Come walk a beat on Heaven’s streets,
You’ve done your time in hell.
Anon.
We will that all men know we blame not all the lords, nor all those that are about the king’s person, nor all gentlemen nor yeomen, nor all men of law…but all such as may be found guilty by just and true inquiry and by the law.
Jack Cade
Rebel Leader
England
Prologue
Craiova, Romania, February 2002
She was stood at the double height window, staring onto the street below. Her breath, fast but measured, was steaming up the glass and creating a spectral haze as she exhaled.

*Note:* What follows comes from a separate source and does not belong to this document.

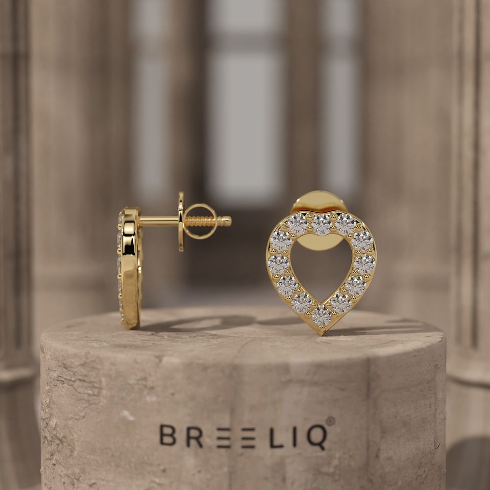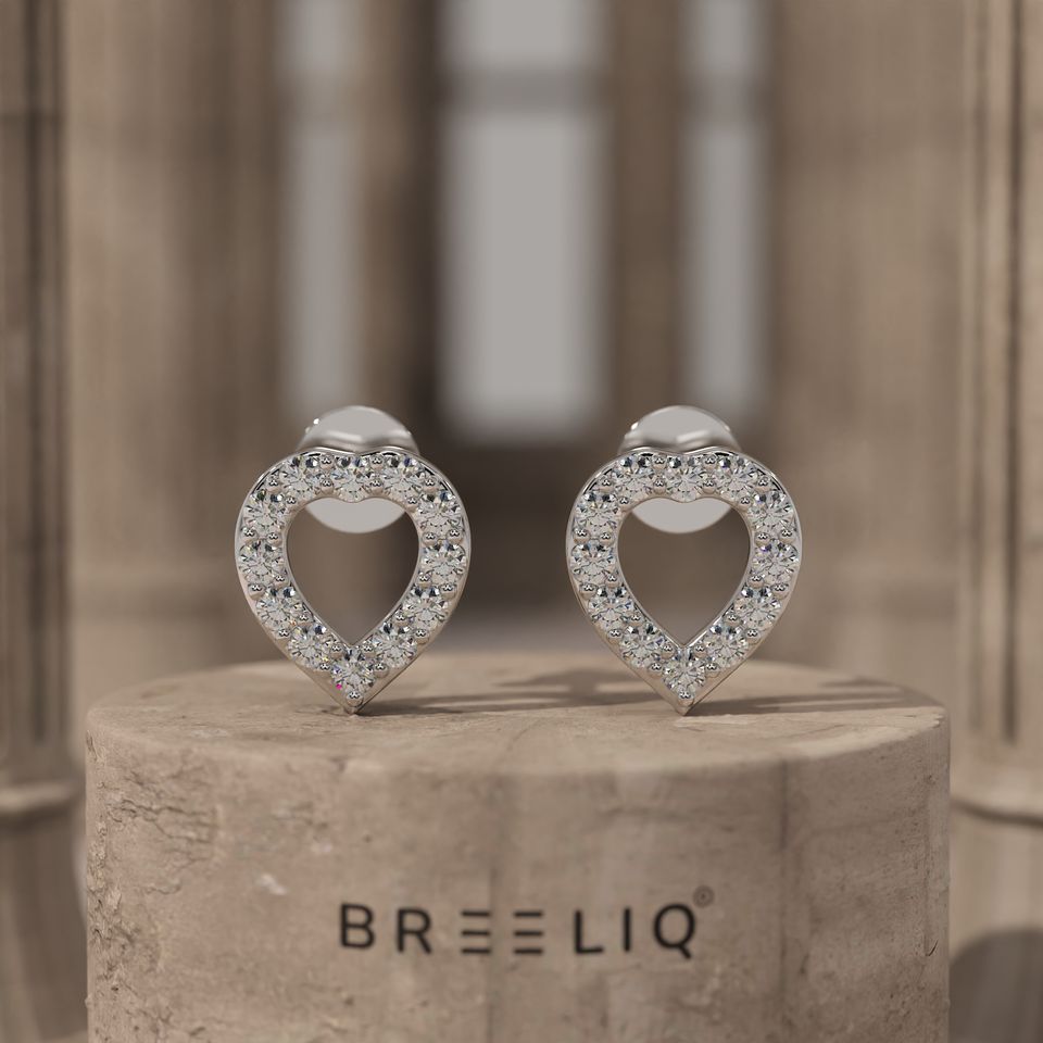 ต่างหูเพชรทรงหัวใจทองคำขาว 14K แบรนด์ BREELIQ หรูหรา ประดับเพชรทรงกลมแบบ Pave Set โรแมนติก

Seconds later the glass cleared, offering a view back out onto the almost deserted road.
The streets were quieter than normal; there was a threat of snow in the air. A few random solitary flakes fluttered from the sky and into the amber glow emitted from the street lamps. The chilled nocturnal air created a halo around the lamps which stood guarding the approach to the magnificent historic building in which she found herself, trapped.
She forced herself not to shed a tear.
Part of her wished he had slapped her forcibly across the face. At least that way she would be visibly afraid, rather than the current sense of hidden, nauseating terror that absorbed her.
Then, the extreme cold of the deep winter night would soon enhance the bitter sting that would have formed upon her left cheekbone, but she would recover, within an hour it would have dissipated, leaving only another psychological scar.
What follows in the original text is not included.